Já Max William Gonçalves Campos foi preso em um resort em Porto de Galinhas, em Pernambuco. Ele chegou a tatuar nos antebraços logos de instituições bancárias, algumas delas onde o bando praticou golpes. Ele também tatuou a palavra "vigarista" em um dos braços.

Ainda não se sabe se Max ficará à disposição da Justiça preso em Pernambuco ou se será transferido nos próximos dias para o Rio de Janeiro.

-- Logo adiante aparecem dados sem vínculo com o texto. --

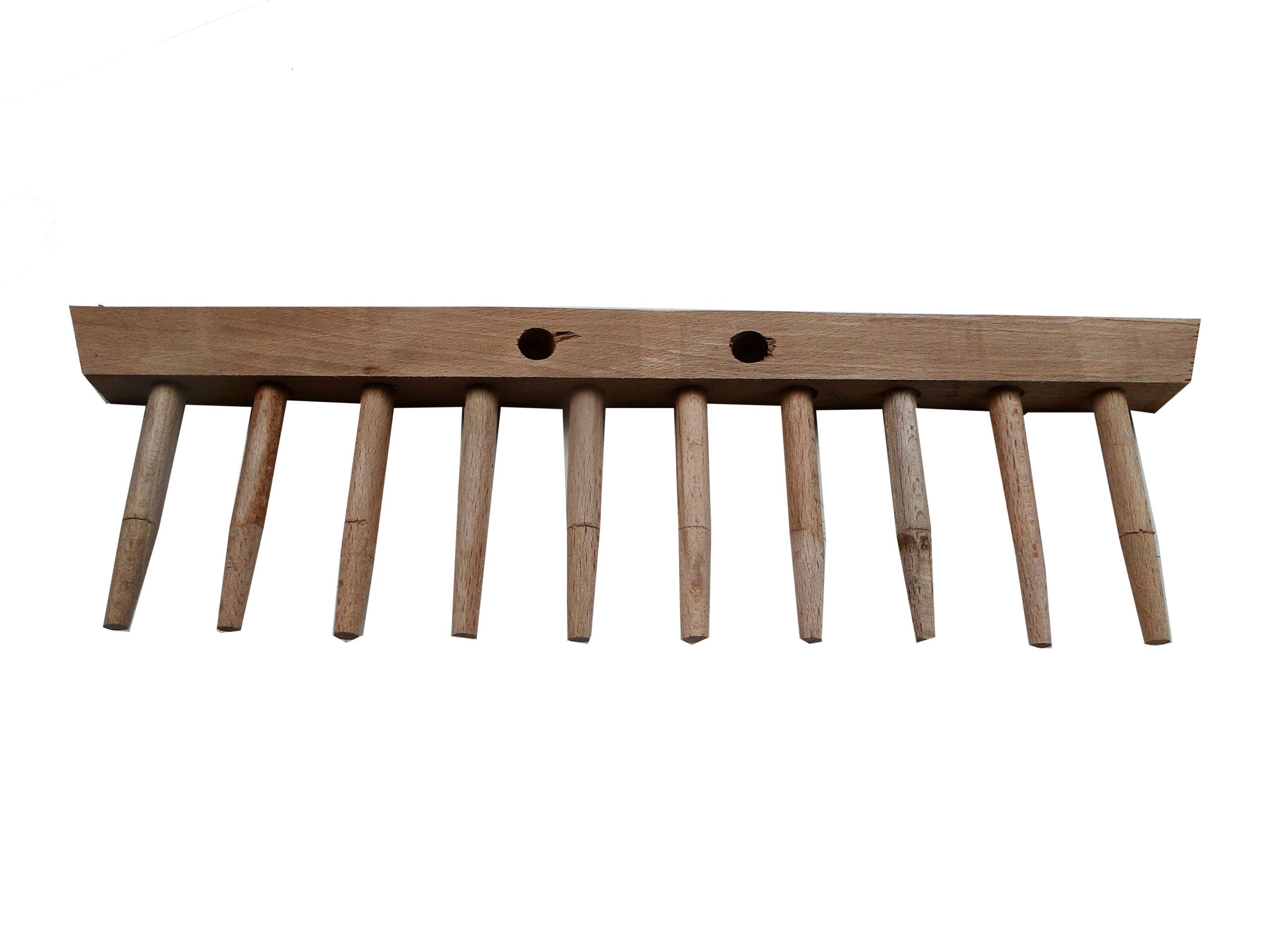 Der Rechenbalken wurde komplett aus Buche gefertigt. In Verbindung mit dem passenden Rechenstiel haben Sie im Handumdrehen einen Holzrechen geschaffen, mit dem Sie beispielsweise verwilderte oder verwucherte Gebiete bearbeiten können. Als Heuwender ist ein solcher Gabelrechen unverzichtbar. Heu ist ein wichtiges Raufutter für alle Arten von Haus- und Nutztieren. Das getrocknete Grünfutter sollte aus mehreren Arten von Gräsern bestehen. Gutes Heu erkennen Sie an der Griffigkeit und an einem hellgrünen Farbton. Außerdem sollte es einen aromatischen Duft versprühen und weich sein. Über gesundes Heu freut sich das kleine Meerschwein genauso wie das Pony. Unzählige Kinder besitzen Haustiere, vom kleinen Nager bis zum Pferd. Spielerisch können die Kinder an deren Versorgung herangezogen werden und mit einem Kinderrechen bereits beim Heuwenden behilflich sein.

De acordo com o delegado Gabriel Poiava, da Delegacia de Combate ao Crime Organizado e à Lavagem de Dinheiro (DCOC-LD), o bando agia a partir de informações repassadas pelos gerentes. Os alvos da quadrilha eram geralmente pessoas idosas ou correntista que movimentavam altas quantias em aplicações que acabavam tendo o dinheiro retirado de maneira fraudulenta das contas.

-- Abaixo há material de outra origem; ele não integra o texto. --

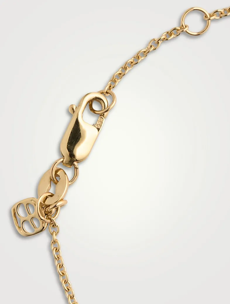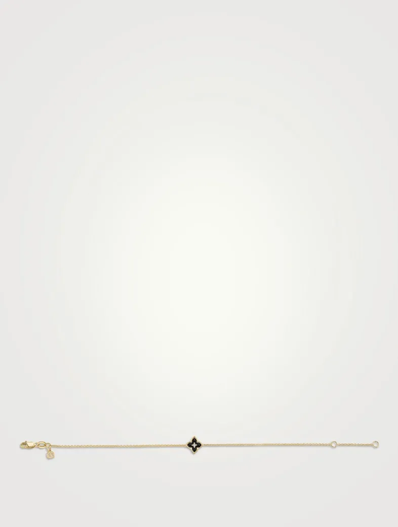 Crafted with the brand’s fine 14k gold cable chain, this bracelet features a 14k gold enamel Moroccan flower charm centred with a single bezel-set diamond.

— O número de vítimas é grande. Posso dizer que são mais de dez. Os gerentes indicavam para a quadrilha os clientes que tinham capital investido e que seriam os alvos das fraudes. Com auxílio dos gerentes, o bando conseguia desviar talonários de cheques. O grupo também clonava cartões (com um software) em nomes das vítimas. E, em seguida, faziam os gastos em cheques e em cartões em contas de empresas de fachadas do próprio grupo ou em nome de laranjas — explicou o delegado.